Economies are changing.
Industries, or companies within them, can change how they operate depending on changes in markets, competition and supplies. This can affect a business’s contracts with its logistics service providers (LSPs).
For example, changes in the competitiveness of America is making it more attractive for some companies to ‘on-shore’, that is to once again manufacture in America. In doing this, contracts with LSP responsible for importing finished goods to America are no longer required. If sufficient companies do this, the business model of some LSP s will need to change.
Similarly, the business of mining iron ore and coking coal is changing. Following dramatic increases in demand from China, mining companies in Australia invested heavily in new mines. This phase of the mining cycle is ending and the volume production phase is commencing, as China continues to demand hard commodities. What changes could now occur in the services scene?

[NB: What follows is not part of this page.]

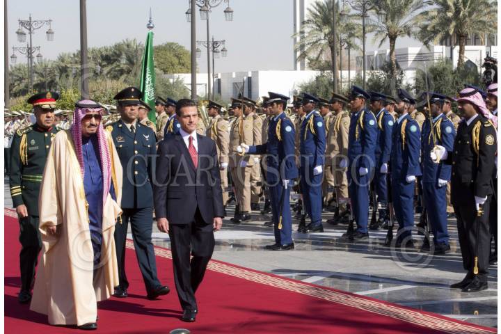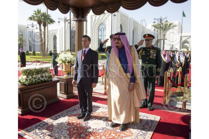 RIAD, ARABIA SAUDITA, 17ENERO2016.- El Presidente de la República, México Enrique Peña Nieto, durante la Ceremonia Oficial de Bienvenida, que le ofreció el Custodio de las Dos Santas Mezquitas Rey Salman Bin Abdulaziz Al-Saud, Rey de Arabia Saudita, en la Explanada del Palacio de la Corte Real. Durante la ceremonia se entonaron los himnos nacionales de ambos países, el Mandatario mexicano pasó Revista a la Guardia de Honor y posteriormente fue la presentación de Comitivas Oficiales. FOTO: PRESIDENCIA /CUARTOSCURO.COM

The emphasis on construction services and associated transport services requirements is reducing, so companies supplying these services are having to come to terms with the new scenario. To support the higher volumes of minerals, more capesize bulkships are required (ships too big to go through the Panama or Suez canals), but supply is not available so the price has increased. To satisfy demand is dependent on the rate of building new ships and scrapping the old.
When the focus was on construction, mining companies outsourced their production operations; now they are tending to bring operations in-house; the labour hire companies business is down, but other services are up. An example is that production jobs in iron ore are located in the remote north west of Australia, but a good proportion of capable people live in the populated south east of the country. This has increased the need for fly-in, fly-out (FIFO) services; one aircraft charter company provides more than 300 mining related flights per week with 70 seat aircraft.
For some years, articles and presentations about ‘agile’ manufacturing companies have appeared, but not much has been said about agile LSPs.
The threat to LSPs is that while busily executing a contract, little thought is given about the future, or there is an expectation that with superior performance, the contract will be extended. But the extent to how much LSPs are used can be governed by external events, as shown in the examples above.
As economies and industries change, so LSP must be prepared to fully understand their client’s business in terms of aims and objectives and position logistics services to assist in furthering the objectives.